Created attachment 2170 [details]
lm.SR <- lm(sr ~ pop15 + pop75 + dpi + ddpi, data = LifeCycleSavings)
plot(lm.SR, which = 6)
The plot shows that Japan has a standard residual between 0.5 and 1.
But the actual value should be
It is caused by the incorrect formula used in computing the standard residuals. Check the attached patch.
To be specific, the cause is that the divisor p in Cook's distance has been omitted. (The proportionality factor is rstd/p rather than rstd). The patch seems sensible.
cooks.distance.lm has p <- model$rank
plot.lm has p <- length(coef(x))
which won't normally differ, but can they differ? If they can, which one is correct? I think they ought to be consistent.
(In reply to Peter Dalgaard from comment #1)
> To be specific, the cause is that the divisor p in Cook's distance has been
> omitted. (The proportionality factor is rstd/p rather than rstd). The patch
> seems sensible.
Thank you Peter, for checking.
> Side question:
> cooks.distance.lm has p <- model$rank
> plot.lm has p <- length(coef(x))
> which won't normally differ, but can they differ? If they can, which one is
> correct? I think they ought to be consistent.
Yes, they can differ quite a bit as soon as you have singularities.
I'm pretty sure model$rank is correct not the least because that's also used by
That, BTW, returns a 'df' component which is (from help page):
df: degrees of freedom, a 3-vector (p, n-p, p*), the first being
the number of non-aliased coefficients, the last being the
total number of coefficients.
and p is rank whereas p* is length(coef(.)).
As I am listed as one "perpetrator" co-authoring this monster-long R function,
I will commit the change (mixed with another small influence() related potential speedup).
While at it, I am just chipping in here with a polite request to check.
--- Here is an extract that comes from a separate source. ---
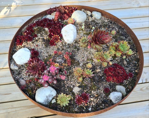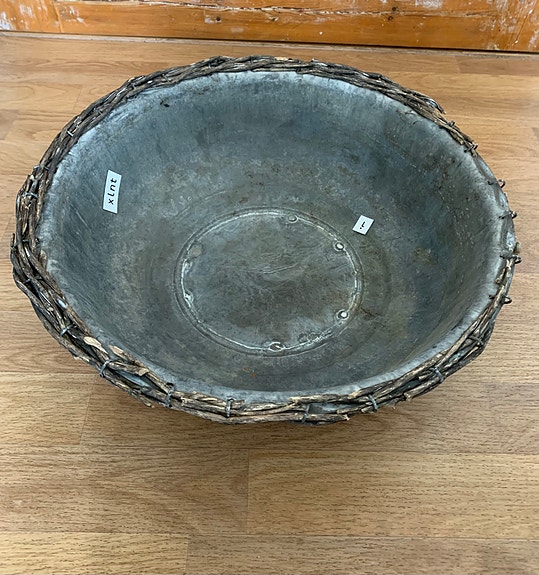 Stort fat/skål i zink og rotting – til planter eller f.eks, fuglebad

In summary.lm objects we have for the 'df' component two assignments:
case p = 0: ans$df <- c(0L, n, length(ans$aliased))
any other p: ans$df <- c(p, rdf, NCOL(Qr$qr))
I believe, for p!=0, p* = NCOL(Qr$qr) gives the right answer as any variables belonging to aliased coefficients are kept in Qr$qr (same goes for p=0 with length(ans$aliased). Maybe we want to be a little bit more consistent here and have length(ans$aliased) for p!=0 here as well? It seems a little more expressive to me.
Mhh, also in summary.lm we have for p!=0:
n <- NROW(Qr$qr)
and later again a call to
ans$df <- c(p, rdf, NCOL(Qr$qr))
that 'n' seems to be used in the adjusted R-squared calculation:
ans$adj.r.squared <- 1 - (1 - ans$r.squared) * ((n - df.int)/rdf)
...but should it be the the number of coefficients without the aliased ones?
Ok, forget that last comment. Ver sorry, I got all mixed up by NCOL and NROW...